Data extract: Begin

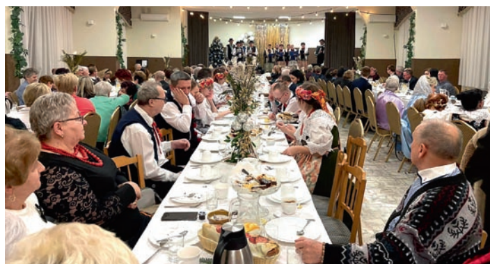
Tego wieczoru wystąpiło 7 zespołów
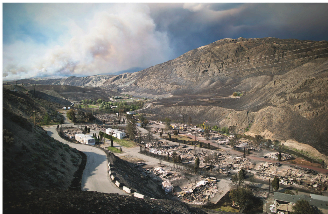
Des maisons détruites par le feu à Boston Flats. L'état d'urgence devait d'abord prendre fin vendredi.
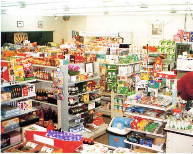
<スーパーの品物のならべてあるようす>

Data extract: End
Data extract: Begin

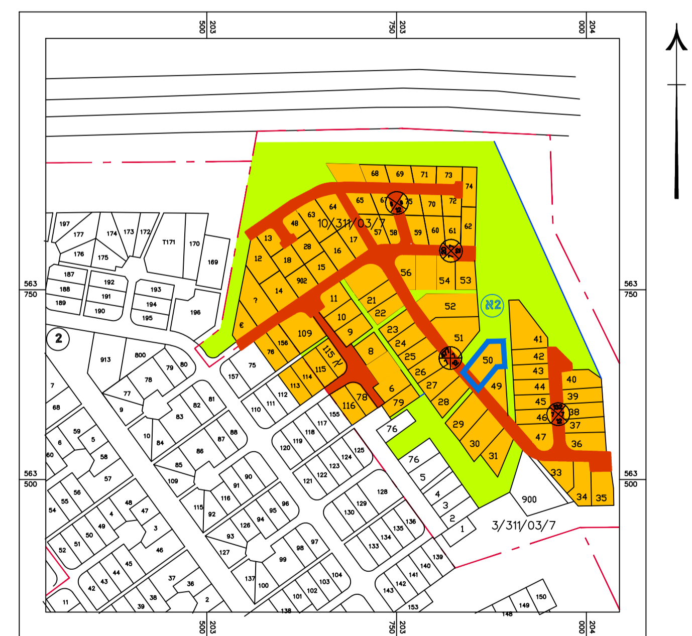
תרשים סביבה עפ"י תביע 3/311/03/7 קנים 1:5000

Data extract: End

> [Task objective] A clean copy is needed of the lines in the listing above from the one with "Tego wieczoru wystąpiło 7 zespołów" through the one with "<スーパーの品物のならべてあるようす>", exact in every word and free of pictures.

> [Answer for this exercise]
Tego wieczoru wystąpiło 7 zespołów
Des maisons détruites par le feu à Boston Flats. L'état d'urgence devait d'abord prendre fin vendredi.
<スーパーの品物のならべてあるようす>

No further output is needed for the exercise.